Philip Trauner's profile picture

Published by

published
updated

Category: Web, HTML, Tech

Python Quirks: Implicit Return

In Python, functions always have to return something.
>>> def foo():
...     pass
...
>>> print(foo())
None

To ensure that this is the case, instructions that are equivalent to a return None statement are appended to the inner-most code block by the bytecode compiler if no return statement is present.

>>> from dis import dis
>>> dis(foo)
  2           0 LOAD_CONST               0 (None)
              2 RETURN_VALUE

Enforcing this requirement on an individual function level instead of inside the evaluation main loop necessitates that all functions follow this protocol. Let's explore what happens when they don't.

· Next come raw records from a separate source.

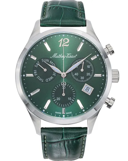 Orologio da uomo Swiss Made Automatic Peseux P224H6 in pelle verde
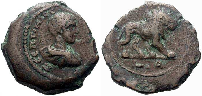 | Tarsos SNG Lev 1072 | Geta, AE36 of Tarsos, Cilicia. AD 198-209. Π CEΠTIMIOC ΓETAC KAICAΡ, bare-headed, draped and cuirassed bust right / AΔΡ CEYHΡIANH TAΡCOY MHTΡOΠ Γ-B, Dionysos, loins draped, standing right, holding thyrsos, right hand over head, panther at foot left. Star in left field. SNG Levante 1072 (this coin); SNG France 1546. | Text | Image |
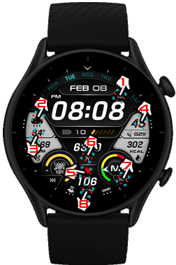 ( 1. Alarm , 2. sunrise/sunset , 3. temperature, 4. stopwatch , 5.PAI , 6. Steps , 7. Pulse , 8. SP02)
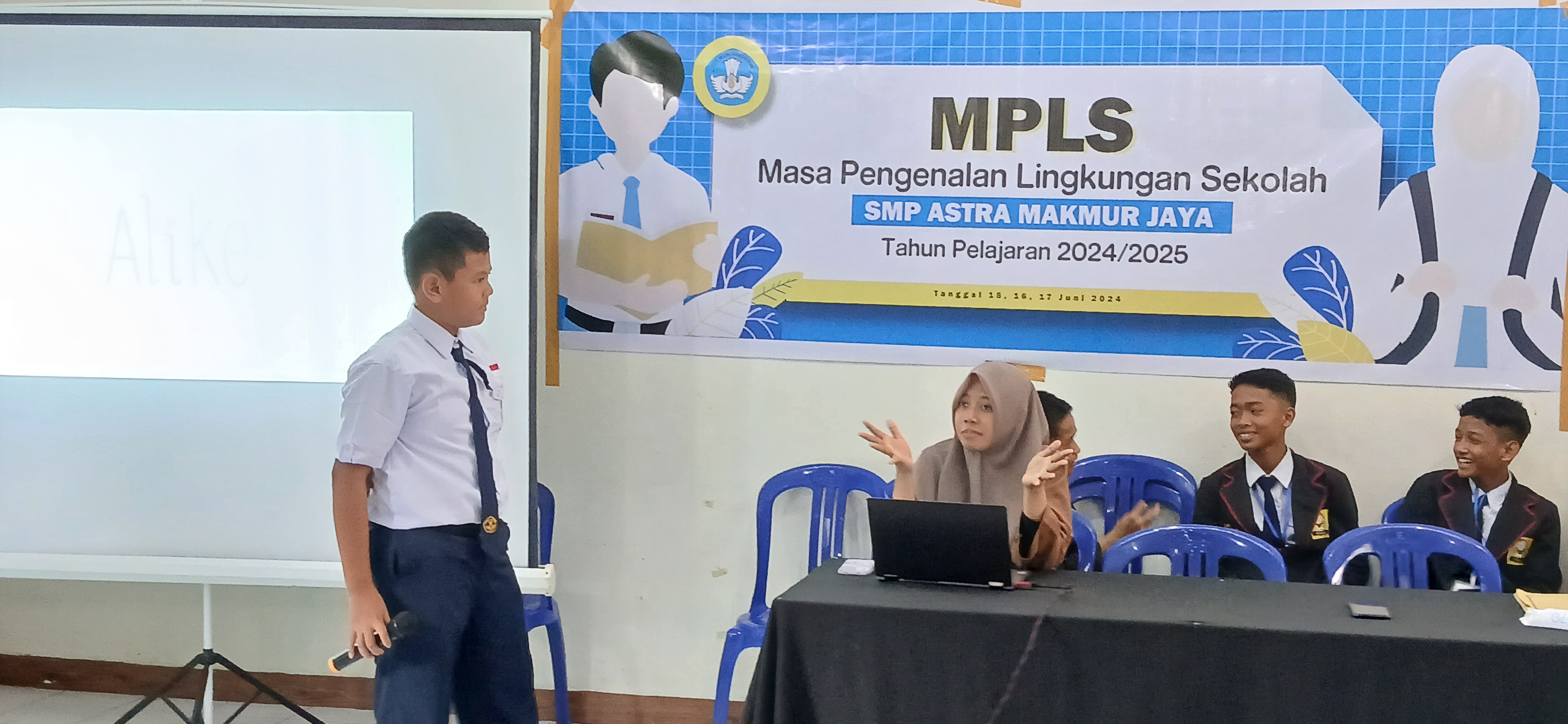 Masa Pengenalan Lingkungan Sekolah (MPLS) SMP Astra Makmur Jaya Tahun Pelajaran 2024/2025 memasuki hari kedua, Selasa (16/7/2024). Seluruh siswa kelas VII masih tampak energik. Masih bertempat di ruangan yang sama, peserta MPLS mengikuti kegiatan dengan antusias.
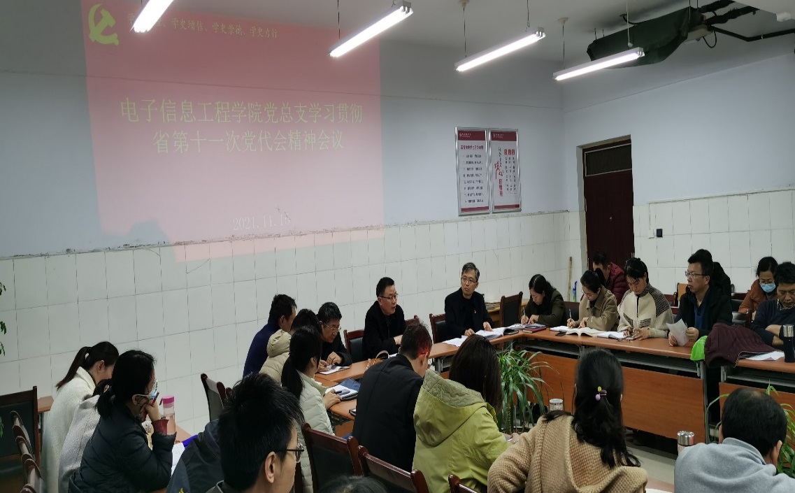11月15日下午,电子信息工程公司在拓新2号楼1331会议室召开大会,传达学习省第十一次党代会精神,安排部署贯彻落实工作。党总支书记奚建刚主持,全体教师参加。
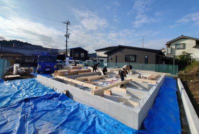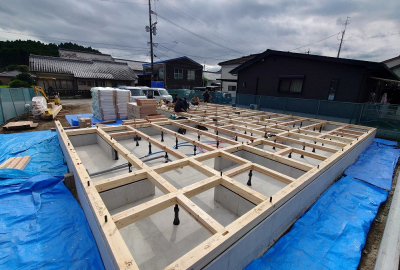 現場「二つ庭の家」は 基礎工事完了後、土台敷きの工程へと進みました☀
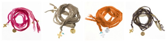 Todas las piezas estan hechas a mano utilizando sedas naturales de la india con pequeños charms en plata y oro chapado, cordones de cuero y piedras semipreciosas como la turquesa.
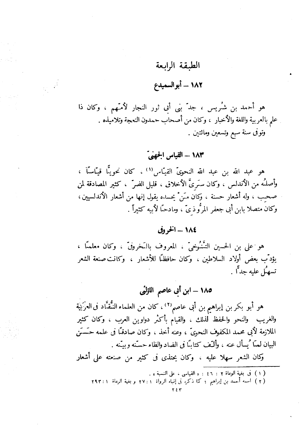 هو عبد الله بن عبد الله النَّحويُّ القيَّاسُ، كان نحويًّا قيَّاسًا، وأصلُه من الأندلس، وكان سريَّ الأخلاق، قليل الضرّ، كثير المصادقة لمن صحب، وله أشعار حسنة، وكان مَن يحسده يقول: إنها من أشعار الأندلسيين. وكان مُتَّصِلًا بابن أبي جعفر المرُّوذِيّ، ومادحًا لأبيه كثيرًا.
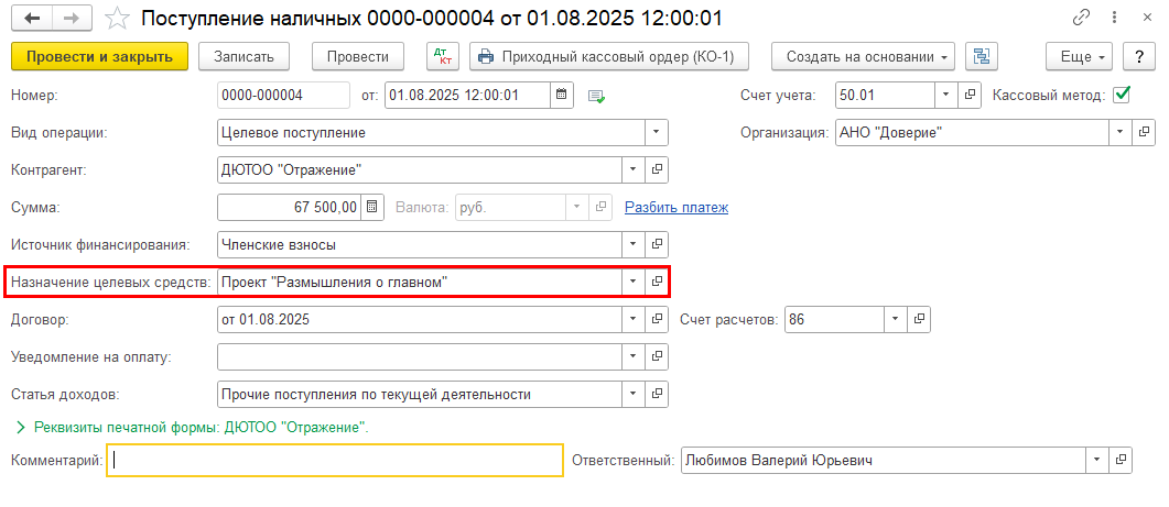 Шаг 4. Отразите факт поступления и списания целевых средств, например документ «Поступление наличных» с указанием назначения целевых средств:
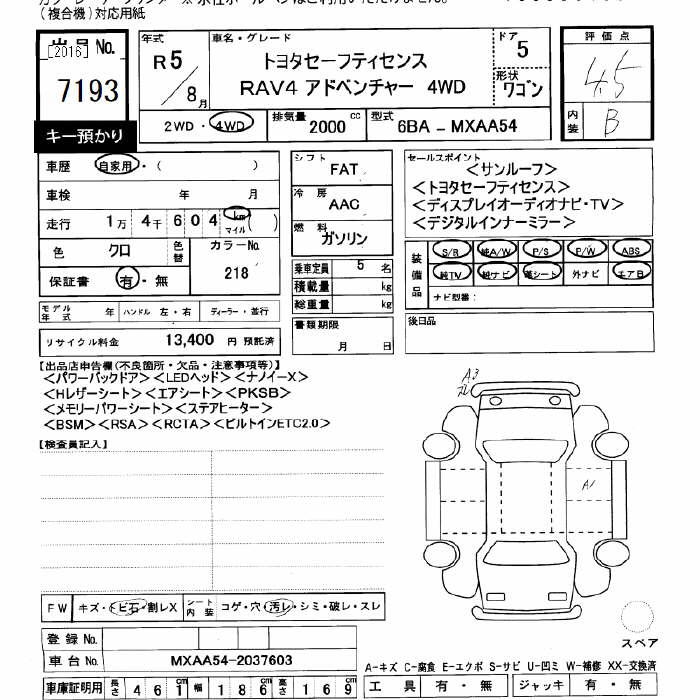 TOYOTA RAV4 4WD ADVENTURE TOYOTA SAFETY SENS - лот 7193
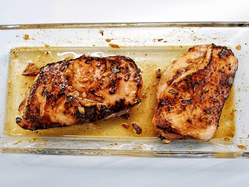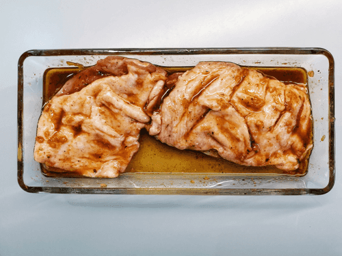Выложить грудку обратно в огнеупорное блюдо, полив маринадом.
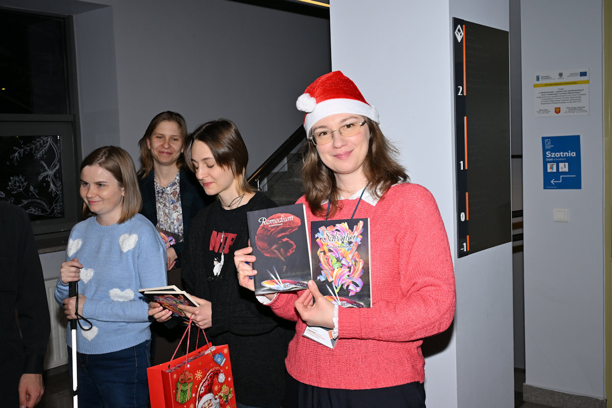 Zajęcia upłynęły w świątecznej atmosferze. Miłośnicy pisarstwa otrzymali bożonarodzeniowe upominki, które umilą im chwile przy wigilijnym stole. Nie mogło również zabraknąć serdecznych życzeń - zarówno na Święta, jak i zbliżający się Nowy Rok.
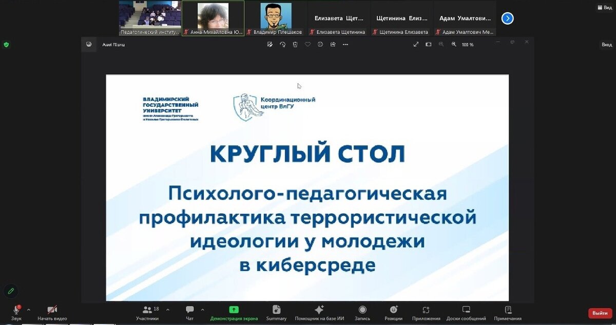 Благодарим модератора круглого стола, нашу коллегу Анну Михайловну Юдину, к.пед.н., доцента, руководителя учебно-методического направления координационного центра по вопросам формирования у молодёжи активной гражданской позиции, предупреждения межнациональных и межконфессиональных конфликтов, противодействия идеологии терроризма и профилактики экстремизма Владимирского государственного университета имени Александра Григорьевича и Николая Григорьевича Столетовых.
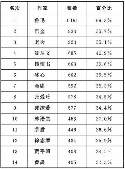 與“魯郭茅巴老曹”的排序相比,魯迅依然高居榜首,巴金、老舍的排名略有提升,郭沫若落到了第9位,茅盾、曹禺則分列第11位、第14位。
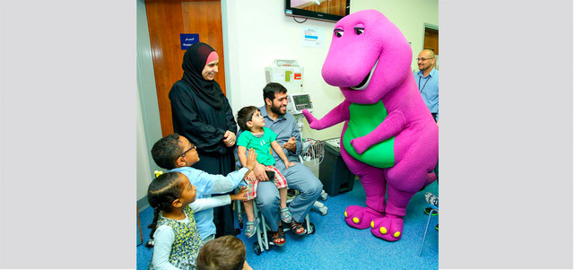 «الديناصور البنفسجي» يمتع أطفال «خليفة الطبية»
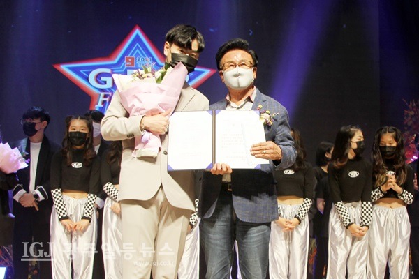 박용구 광주광역시사회복지심부름지원센터이사장은 2021년 제9회 G-POP페스티벌에서 은상을 수상한 김형환씨에 상장과 상금을 전달한 후 기념촬영
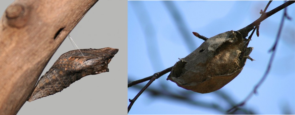 Otros polinizadores, como polillas y mariposas, diapausan en la hojarasca, la madera o en el suelo. Por lo general, lo hacen envolviéndose en hojas secas, cavando en el suelo, o uniendo su crisálida a palos y ramas. Algunos de ellos también diapausan como adultos, escondiéndose en grietas de paredes o pequeños orificios. Para proteger a estos polinizadores, puede intentar dejar partes de su patio sin molestar, manteniendo al menos algunas de sus hojas secas en el suelo.
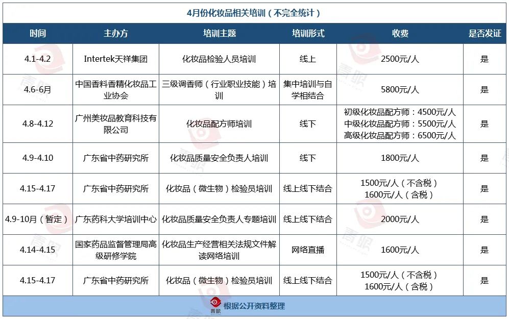 在这样的背景下,培训市场迎来了火爆的局面。青眼曾有关注过,去年3月到6月份,化妆品行业相关培训多达近20场,相当密集。青眼最新调查发现,近期6家单位发布了化妆品配方师、化妆品检验人员等培训招生信息,仅本月就有8场培训,化妆品相关培训依然如火如荼。
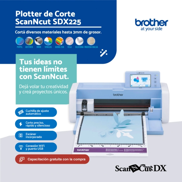 - El nuevo plotter de corte ScanNCut SDX 225 corta diversos materiales de hasta 3 mm de grosor: papel, cartulina, vinilo, goma eva, acetato, silicona, madera balsa, tela, imán!
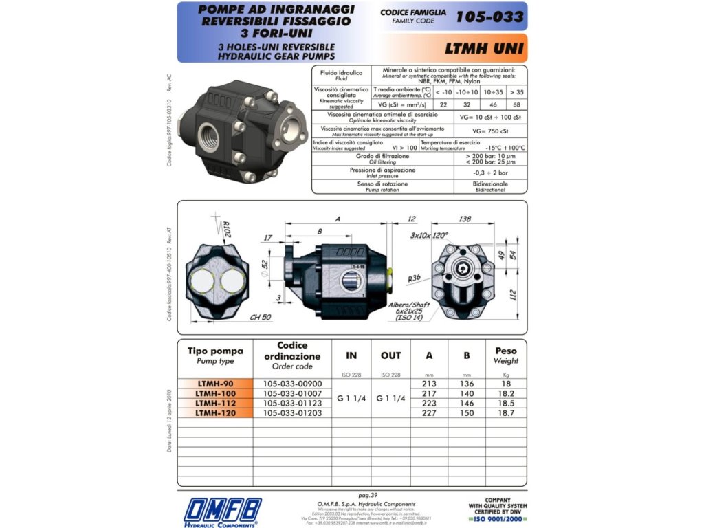 Hydraulické čerpadlo LTMH UNI 112
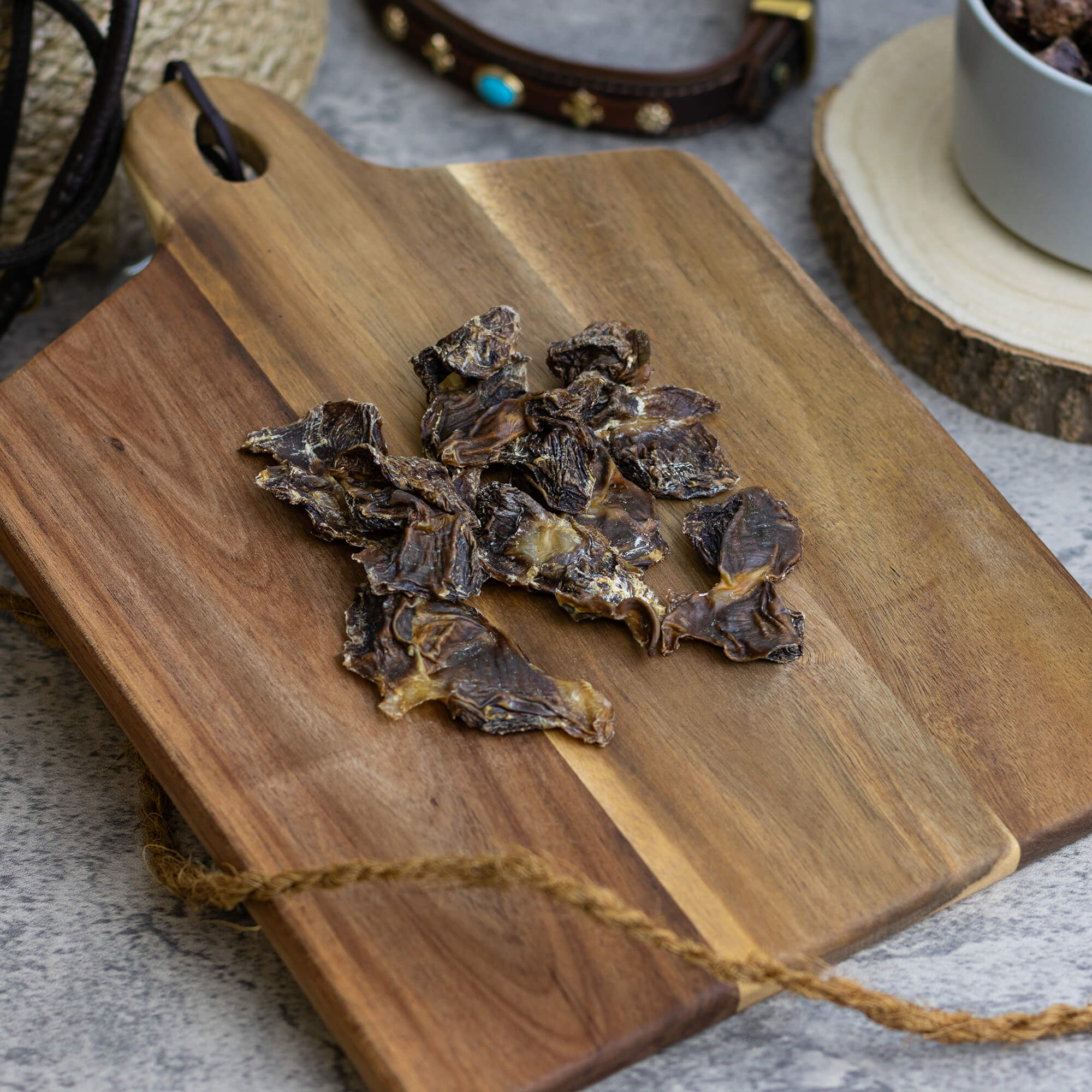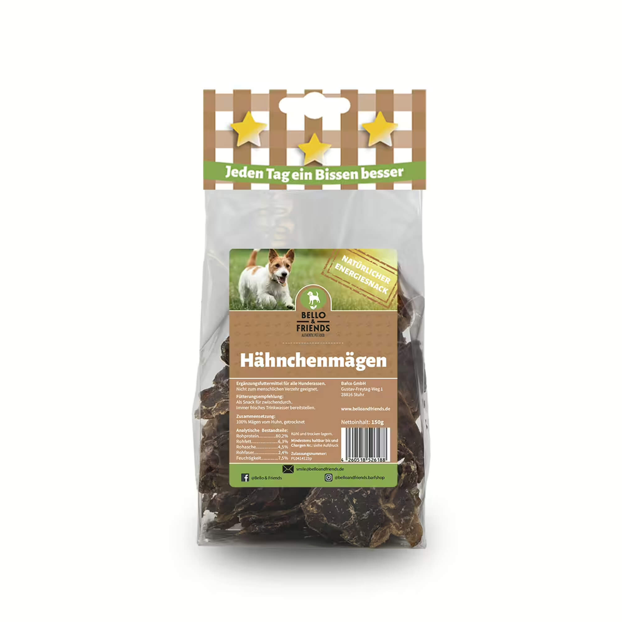 Getrocknete Hähnchenmägen sind ein beliebter Snack bei jungen und alten Hunden. Innereien schmecken Deinem Liebling nicht nur in roher Form, sondern werde auch überaus gerne als Belohnungshappen zwischen den Mahlzeiten genommen.
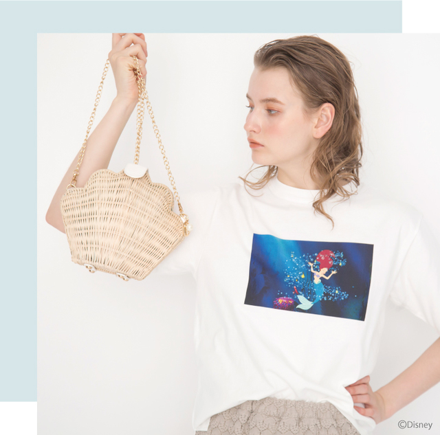 アリエルが気泡の中で歌うシーンと、アリエル姉妹が集合したシーンがデザインされた「フォトTシャツ」。

Incomprehensive overview of Python bytecode

The bytecode of existing functions can be examined by looking at their __code__.co_code attribute.

>>> foo.__code__.co_code
b'd\x00S\x00'

Each instruction is 2 bytes long (BB) and consists of an opcode and an optional argument value. struct.unpack can be used to decode individual instructions, and a human readable representation can be obtained through dis.opmap (re-export of the undocumented opcode.opmap), which maps the opcode names to their respective numerical values. Swapping key and value subsequently provides a numerical value to text mapping.

from struct import unpack
from dis import opmap

reverse_opmap = {v: k for k, v in opmap.items()}


def foo():
    pass


foo_code = foo.__code__.co_code
for pos in range(0, len(foo_code), 2):
    inst = unpack("BB", foo_code[pos : pos + 2])
    print(f"{reverse_opmap[inst[0]]}: {inst[1]}")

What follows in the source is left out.